(Study material Opens)
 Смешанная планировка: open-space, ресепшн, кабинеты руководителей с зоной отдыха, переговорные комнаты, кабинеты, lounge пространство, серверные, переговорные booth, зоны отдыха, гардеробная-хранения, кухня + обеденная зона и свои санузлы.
(Study material Closes)
(Study material Opens)
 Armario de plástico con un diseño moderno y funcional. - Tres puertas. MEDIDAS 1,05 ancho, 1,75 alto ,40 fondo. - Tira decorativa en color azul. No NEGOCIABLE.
(Study material Closes)
(Study material Opens)
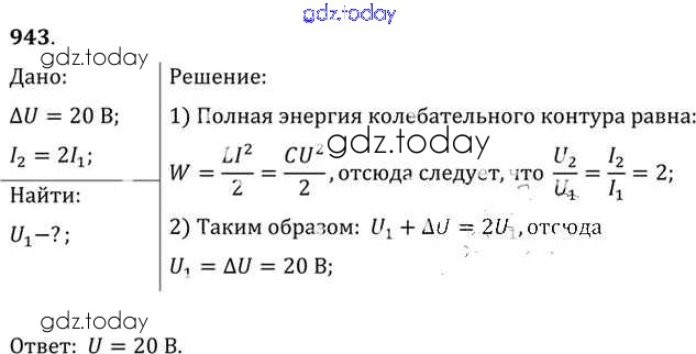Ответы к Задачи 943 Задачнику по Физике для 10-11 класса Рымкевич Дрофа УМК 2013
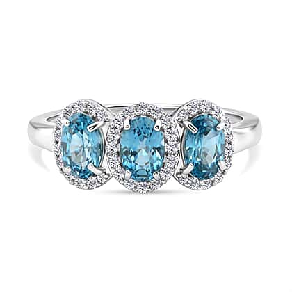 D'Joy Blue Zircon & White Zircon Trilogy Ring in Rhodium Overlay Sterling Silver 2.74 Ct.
(Study material Closes)
**Task objective:**
When you reach the line with "Ответы к Задачи" in the records above, begin repeating the lines exactly, and stop after the line with "D'Joy Blue Zircon". Skip all pictures.

**Solution for this exercise:**
Ответы к Задачи 943 Задачнику по Физике для 10-11 класса Рымкевич Дрофа УМК 2013
 D'Joy Blue Zircon & White Zircon Trilogy Ring in Rhodium Overlay Sterling Silver 2.74 Ct.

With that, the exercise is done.